WHAT IS BEING ASKED: Copy nothing past the line containing "It won't be". Transcribe every line of the listing below up to and including it, from the first, except pictures.

DATA SHOWN:

--

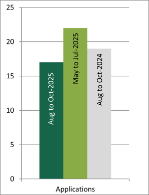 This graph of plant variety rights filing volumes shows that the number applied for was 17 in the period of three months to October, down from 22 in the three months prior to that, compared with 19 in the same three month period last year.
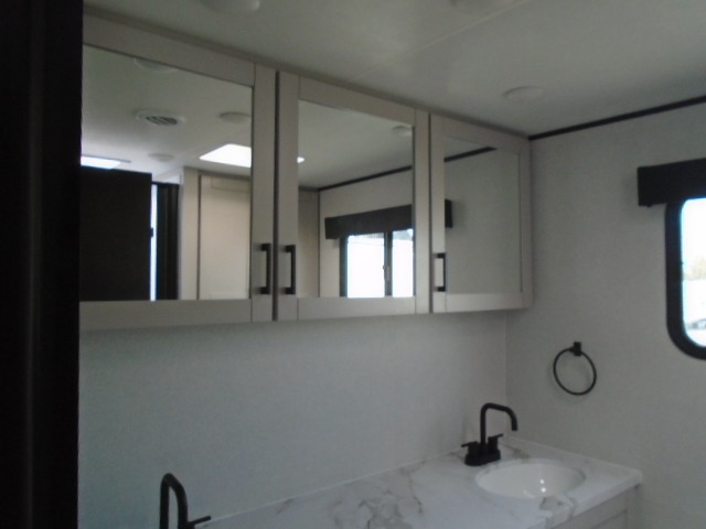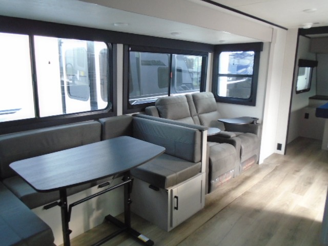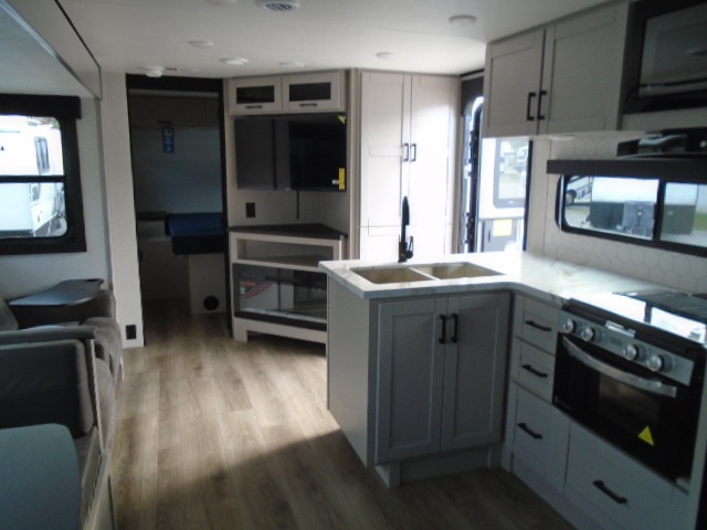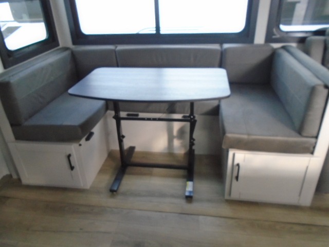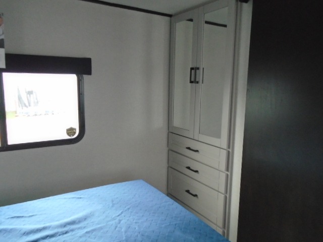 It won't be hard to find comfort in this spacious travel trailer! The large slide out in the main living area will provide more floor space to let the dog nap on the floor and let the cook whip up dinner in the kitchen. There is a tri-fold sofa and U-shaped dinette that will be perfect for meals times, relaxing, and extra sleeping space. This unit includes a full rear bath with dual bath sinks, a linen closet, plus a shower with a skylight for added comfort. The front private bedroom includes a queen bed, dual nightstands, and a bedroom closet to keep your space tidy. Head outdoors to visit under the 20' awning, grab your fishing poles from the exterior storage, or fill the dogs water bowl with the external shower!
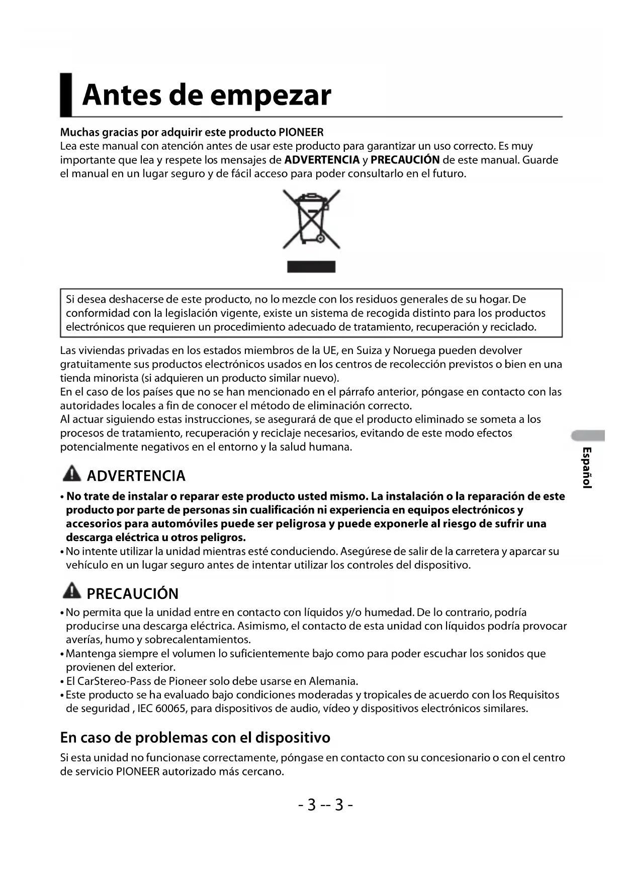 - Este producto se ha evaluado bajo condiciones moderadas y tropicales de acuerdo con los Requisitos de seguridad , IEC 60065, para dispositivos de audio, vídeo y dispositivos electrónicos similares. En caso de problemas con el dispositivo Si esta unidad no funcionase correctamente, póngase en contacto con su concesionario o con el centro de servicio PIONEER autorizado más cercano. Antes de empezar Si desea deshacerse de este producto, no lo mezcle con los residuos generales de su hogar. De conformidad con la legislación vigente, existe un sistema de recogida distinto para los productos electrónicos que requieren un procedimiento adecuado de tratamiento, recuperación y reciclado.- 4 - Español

--

EXERCISE RESULT:
 This graph of plant variety rights filing volumes shows that the number applied for was 17 in the period of three months to October, down from 22 in the three months prior to that, compared with 19 in the same three month period last year.
 It won't be hard to find comfort in this spacious travel trailer! The large slide out in the main living area will provide more floor space to let the dog nap on the floor and let the cook whip up dinner in the kitchen. There is a tri-fold sofa and U-shaped dinette that will be perfect for meals times, relaxing, and extra sleeping space. This unit includes a full rear bath with dual bath sinks, a linen closet, plus a shower with a skylight for added comfort. The front private bedroom includes a queen bed, dual nightstands, and a bedroom closet to keep your space tidy. Head outdoors to visit under the 20' awning, grab your fishing poles from the exterior storage, or fill the dogs water bowl with the external shower!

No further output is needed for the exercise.